Comment mettre fin à une succession interminable?

Comment mettre fin à une succession interminable?

Par Didier Bert

Crédit photo: iStock

«Ma mère est décédée il y a plus de 14 ans. Elle possédait un multiplex qu’elle a légué à ses cinq enfants par testament, dont deux habitent encore l’immeuble. La succession n’est pas encore réglée. Est-ce normal? Et le profit intégral ou de chacune des parts de la vente de l’immeuble sera-t-il considéré comme un gain en capital?»

― Lise Gallant

Voici la réponse de Me Éric Lavoie, notaire chez Novallier.

«Quatorze ans, c’est quand même long pour régler une succession. On n’est pas obligé d’attendre de vendre les biens pour clore celle-ci. Dans le processus de règlement, le liquidateur récupère les actifs, comme l’argent et les immeubles, il paye les dettes, produit les rapports d’impôt, fait l’inventaire des biens de la succession et rend compte de sa gestion aux héritiers.

«Quand il y a un immeuble à revenus dans la succession, le liquidateur le gère en s’assurant que les locataires ont un bail.

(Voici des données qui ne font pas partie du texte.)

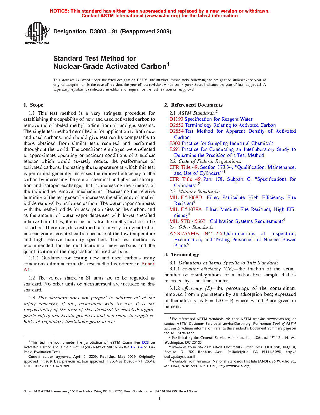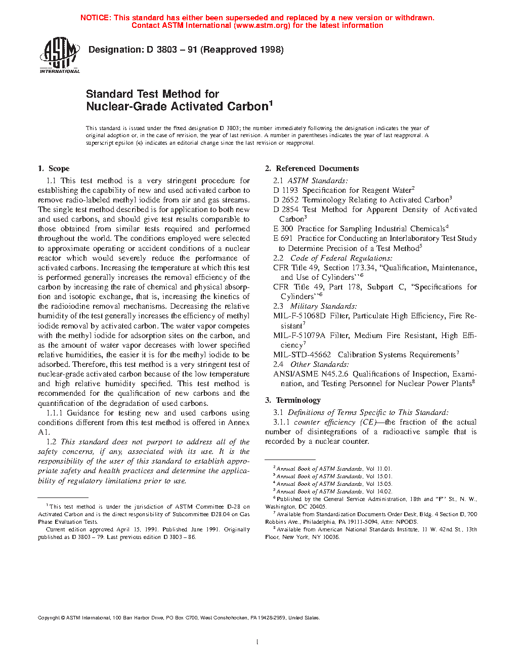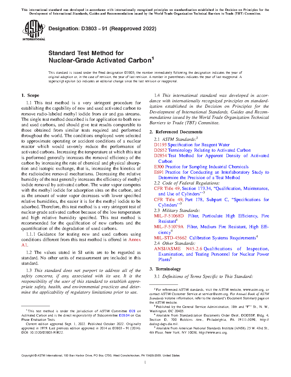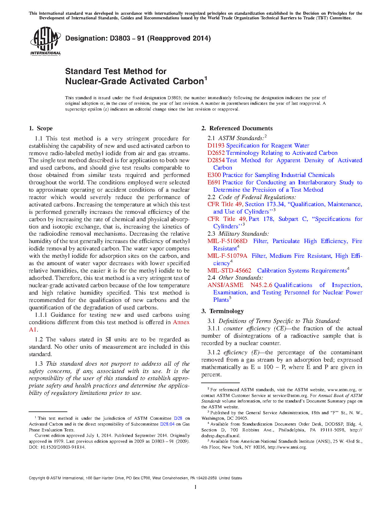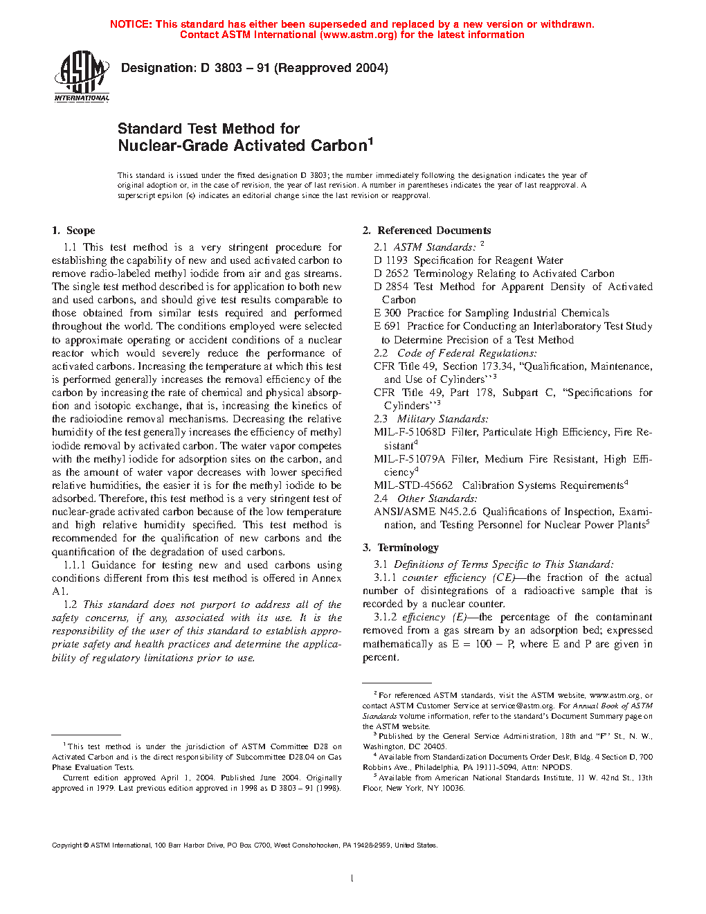 1.1 This test method is a very stringent procedure for establishing the capability of new and used activated carbon to remove radio-labeled methyl iodide from air and gas streams. The single test method described is for application to both new and used carbons, and should give test results comparable to those obtained from similar tests required and performed throughout the world. The conditions employed were selected to approximate operating or accident conditions of a nuclear reactor which would severely reduce the performance of activated carbons. Increasing the temperature at which this test is performed generally increases the removal efficiency of the carbon by increasing the rate of chemical and physical absorption and isotopic exchange, that is, increasing the kinetics of the radioiodine removal mechanisms. Decreasing the relative humidity of the test generally increases the efficiency of methyl iodide removal by activated carbon. The water vapor competes with the methyl iodide for adsorption sites on the carbon, and as the amount of water vapor decreases with lower specified relative humidities, the easier it is for the methyl iodide to be adsorbed. Therefore, this test method is a very stringent test of nuclear-grade activated carbon because of the low temperature and high relative humidity specified. This test method is recommended for the qualification of new carbons and the quantification of the degradation of used carbons.

Il paye les frais, produit les impôts pour l’année du décès ainsi que les années suivantes si la succession dure plus d’un an. Le liquidateur doit ensuite remettre une copie de l’inventaire à l’ensemble des héritiers: c’est une obligation légale. Il complète les formulaires prescrits pour obtenir un certificat de décharge au gouvernement fédéral et un permis de distribution des biens au gouvernement provincial afin de pouvoir remettre les biens aux héritiers.

«Une fois les documents fiscaux reçus, le liquidateur peut alors dresser la reddition de compte, qui est le compte-rendu définitif, indiquant ce qu’il a payé et ce qu’il a encaissé pour la succession. Il informe les héritiers de ce que le liquidateur a fait. Si tous les héritiers sont satisfaits du travail du liquidateur, ils lui signent une quittance le libérant de son rôle. Le liquidateur peut alors distribuer les biens. Les héritiers deviennent alors copropriétaires de l’immeuble à revenus. La succession est close. À ce moment, les copropriétaires peuvent décider de vendre l’immeuble. Le montant du gain en capital à payer dépend de la valeur que l’immeuble a pris depuis le décès.

«Puisque la succession a commencé il y a 14 ans, il faudrait vérifier comment les rapports d’impôts ont été faits. Les revenus locatifs ont-ils été imposés par la succession? Cela revient à se demander qui reçoit les revenus de l’immeuble: la succession ou les héritiers? Si effectivement, la succession n’est pas réglée, on peut se demander si le liquidateur a fait son travail. Fiscalement, il y a une conséquence: durant les trois premières années après le décès, une succession est imposée au taux progressif, comme un particulier. Après 36 mois, c’est le taux marginal d’imposition qui s’applique, ce qui peut conduire à être taxé à un taux de 53,31%.

«Un héritier peut contacter un avocat pour s’adresser à la Cour supérieure du Québec afin de l’autoriser à vendre sa part. En effet, le Code civil du Québec précise que personne ne peut être contraint de rester en indivision. Si les héritiers deviennent copropriétaires en indivision de l’immeuble, l’un d’eux peut donc demander au tribunal de forcer l’ensemble des copropriétaires à racheter sa part, ou lui permettre de la vendre à quelqu’un d’autre, ou encore d’obliger la vente totale de l’immeuble.

«Un partage successoral pourrait être envisagé pour faire une économie fiscale. Il s’agit d’un acte notarié dans lequel on attribue la part de Madame aux autres héritiers, et en contrepartie, celle-ci obtient davantage d’argent, mais à condition qu’il y ait de l’argent dans la succession en plus de l’immeuble. Cela évite une vente entre héritiers, qui donnerait lieu au paiement d’un droit de mutation, c’est-à-dire une taxe.»